Sin embargo, el veneno y los venenos no son las únicas toxinas agudas. Las toxinas agudas incluyen cosas como dióxido de carbono y óxido nitroso. Las células producen dióxido de carbono a medida que crean ATP, y el óxido nitroso es el gas que utilizan los dentistas para someter a sus pacientes antes de una cirugía. Ambos gases son potencialmente mortales a cierta presión y concentración en el cuerpo. El cuerpo debe trabajar activamente para disipar estos gases, o sufrirá narcosis gaseosa, una condición de euforia y luego inconsciencia. Los buceadores que se aventuran demasiado profundo también experimentan esto, ya que los gases establecen más fácilmente la narcosis bajo presión. En efecto, la presión aumenta la toxicidad aguda del gas.

Toxicidad crónica

La toxicidad crónica es lo opuesto a la toxicidad aguda. Es una medida de cuán tóxica es una sustancia durante un período de tiempo más largo. Esto puede ser desde semanas hasta años, pero es igualmente importante comprender la toxicidad crónica de una sustancia. Muchas sustancias que utilizamos en productos de consumo son nuevas para la ciencia. Es fácil probar su toxicidad aguda, porque es fácil de administrar una sola dosis y observar un organismo durante una semana o menos. Al observar los productos químicos en busca de signos de ser una toxina crónica, el observador debe vigilar el sistema durante toda la vida de un organismo.

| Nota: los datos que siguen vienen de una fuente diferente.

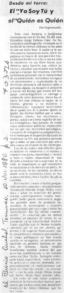 El "Yo soy tú" y el "Quién es quién" [artículo] Segismundo.

Por esta razón, no se comprende bien la toxicidad crónica de muchos productos utilizados en los hogares. La Administración de Alimentos y Medicamentos (FDA), así como otras agencias reguladoras, trabajan activamente para mantener los químicos tóxicos fuera del alcance de los consumidores. Sin embargo, con la cantidad de nuevos químicos y productos que aparecen cada año, es virtualmente imposible para estas organizaciones controlar todo. Combinado con la enfermedad sutil y a veces oculta asociada con las toxinas crónicas, esto dificulta encontrar y medir la toxicidad crónica. Los científicos utilizan las ciencias de la estadística y la epidemiología para rastrear y comprender las sustancias tóxicas crónicas de los productos, el medio ambiente y otras fuentes.